Open Phoebe-ovo opened 4 years ago
This is to transform to image space. According to the Waymo data description: “The origin of this frame is set to the vehicle position when the vehicle starts. It is an ‘East-North-Up’ coordinate frame. ‘Up(z)’ is aligned with the gravity vector, positive upwards. ‘East(x)’ points directly east along the line of latitude. ‘North(y)’ points towards the north pole.” however image space uses a Right-Down-Forward coordinate frame by convention. This matrix converts between the two.
I think the transformation is like this: vehicle space -> camera space -> image space we use inv(extrinsic) to transform the vehicle frame to camera frame then we use intrinsic to transform the camera frame to image frame from the paper we can see the vehicle coordinate system is consistent with the camera coordinate system so I think we don't need the axes_transformation
Thanks for the figure. If you look at the camera frame shown in the figure, it’s front,left,up. I think that it’s a little bit unusual to choose this space for a camera.

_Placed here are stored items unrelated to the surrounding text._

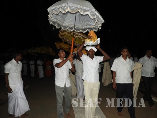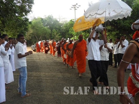 The Pirith Chanting was followed by an alms giving for 12 venerable Maha Sangha and the reliquary was taken to the school premises in a colorful procession. The event was attended by officers, other rankers, all trainees and civilian staff of SLAF Station Mullaitivu.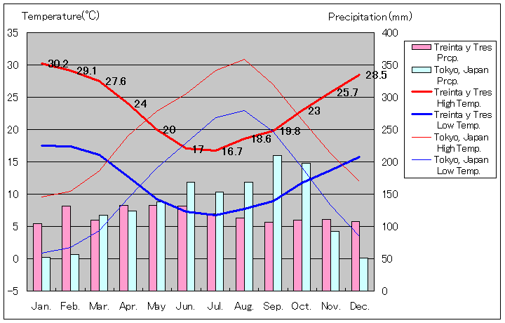 トレインタ・イ・トレス県トレインタ・イ・トレス月別気温(Temperature & Precipitation of Treinta y Tres, Treinta y Tres Department, Uruguay):トレインタ・イ・トレス県の県庁所在地となっている都市、人口 25,477人(2011年現在)、ウルグアイで 21番目に人口の多い街です。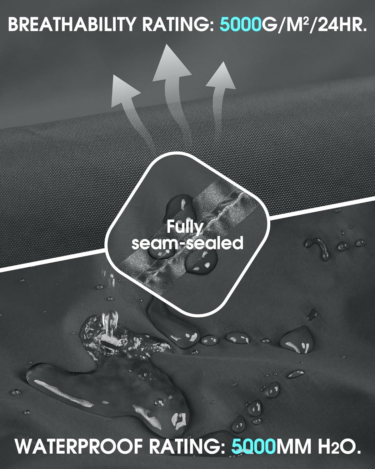 - WASSERDICHT & SCHNELLTROCKNEND -- Die 33,000ft Herren Regenhose ist nicht nur wasser- und winddicht, sondern auch Weich, Bequem, Fleckenresistent, Anti-Fading und Schnelltrocknend. WASSERDICHT : 5000MM H₂O , ATMUNGSAKTIV: 5000G/M²/24HR .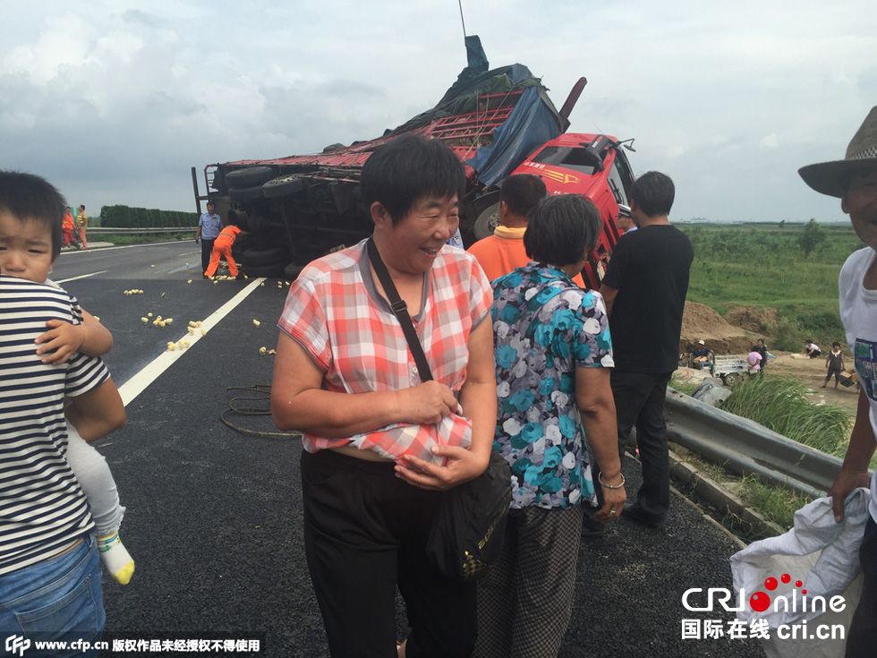 山東榮烏高速濱州沾化區(qū)段,一輛山東禽類運(yùn)輸車傾翻,數(shù)萬只小黃雞散落在地,附近村民聞訊,紛紛前來抓小雞。圖片來源:CFP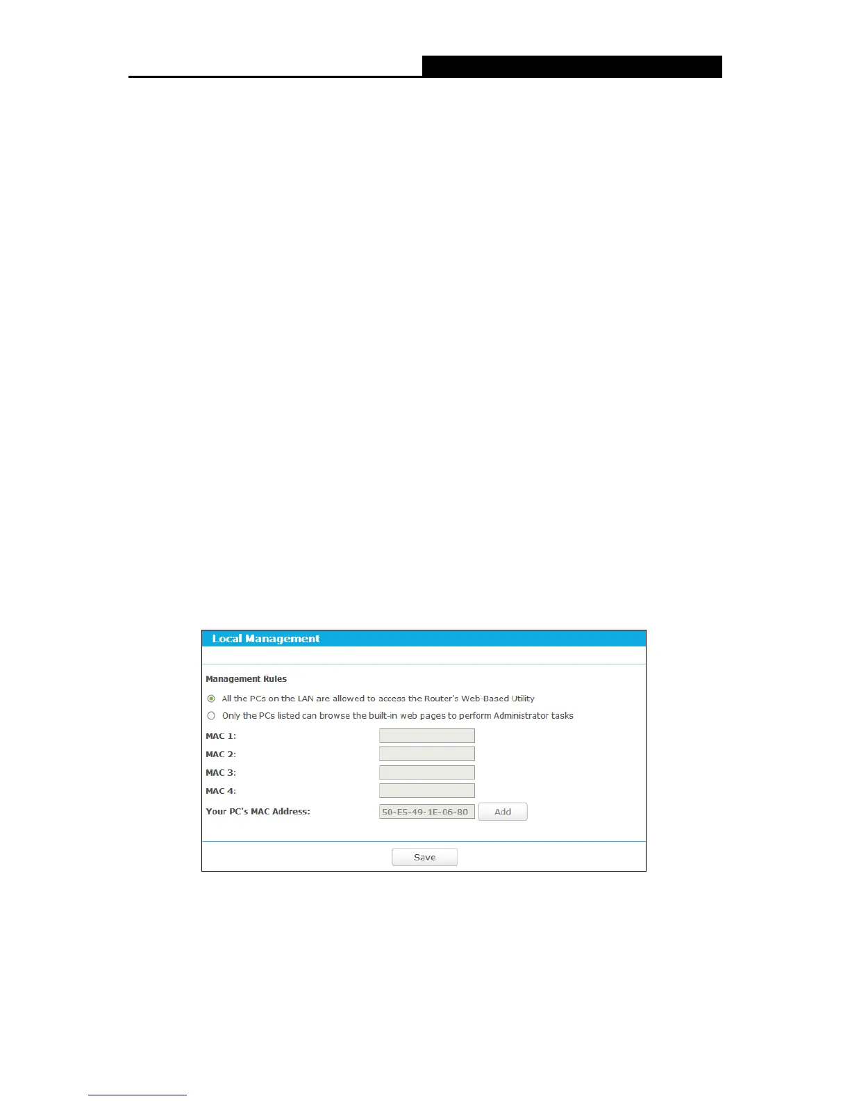 button “Only the PCs listed can browse the built-in web pages to perform Administrator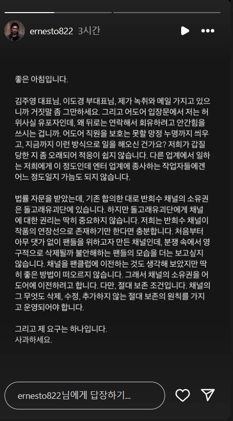 이와 함께 "만약 사과가 없으시다면 저는 반희수 채널을 팬들에게 이전할 수 있는 방법을 찾아보고 기존 합의에 대한 증거를 들고 어도어를 명예훼손으로 고소하겠습니다"라고 밝혔다.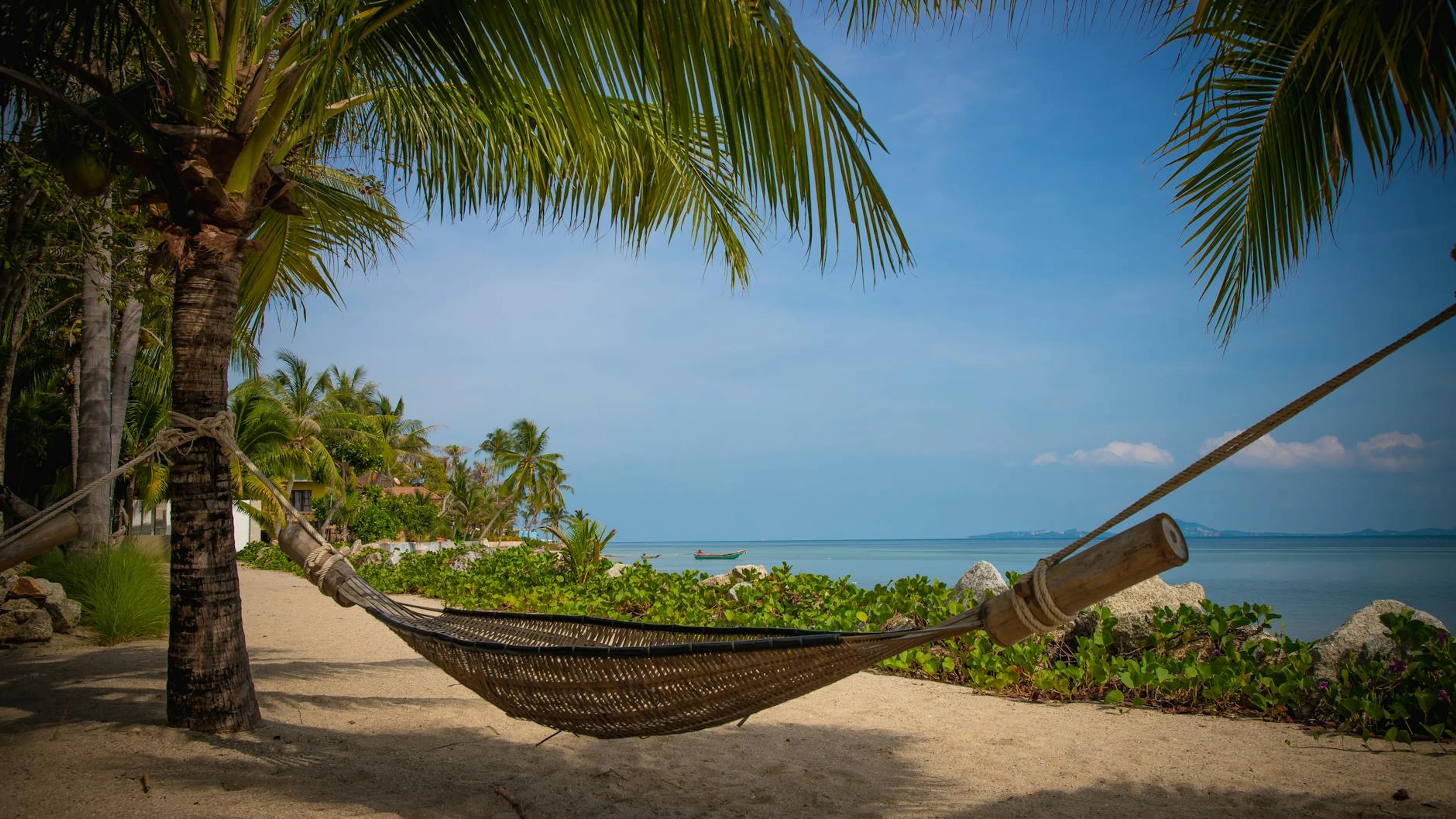 Get this stunning Relaxing hammock under palm trees on a tropical beach, perfect for a serene geta wallpaper in 4K Ultra HD quality. 3840x2160 ocean wallpaper available for free download.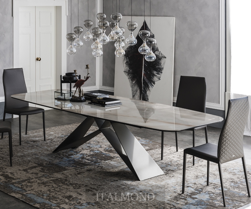 Модель обеденного стола входит в коллекцию Premier. Такой предмет интерьера сохранит свою функциональность и эстетику даже при ежедневном использовании. Современный силуэт и разнообразие отделок позволяют гармонично вписать эту элитную мебель в любое пространство — от строгой кухни до парадной гостиной, — обеспечивая максимальный комфорт.

The conventional image space is right,down,front. Since the camera frame doesn’t match this, we have to convert between the two.
The intrinsic matrix (the variable camera_model) in this function does the perspective projection but not the coordinate frame change.
https://github.com/gdlg/simple-waymo-open-dataset-reader/blob/master/simple_waymo_open_dataset_reader/utils.py#L174 I want to know want dose this axes_transformation mean the vehicle coordinate and the camera coordinate is the same, why should we transform the axes?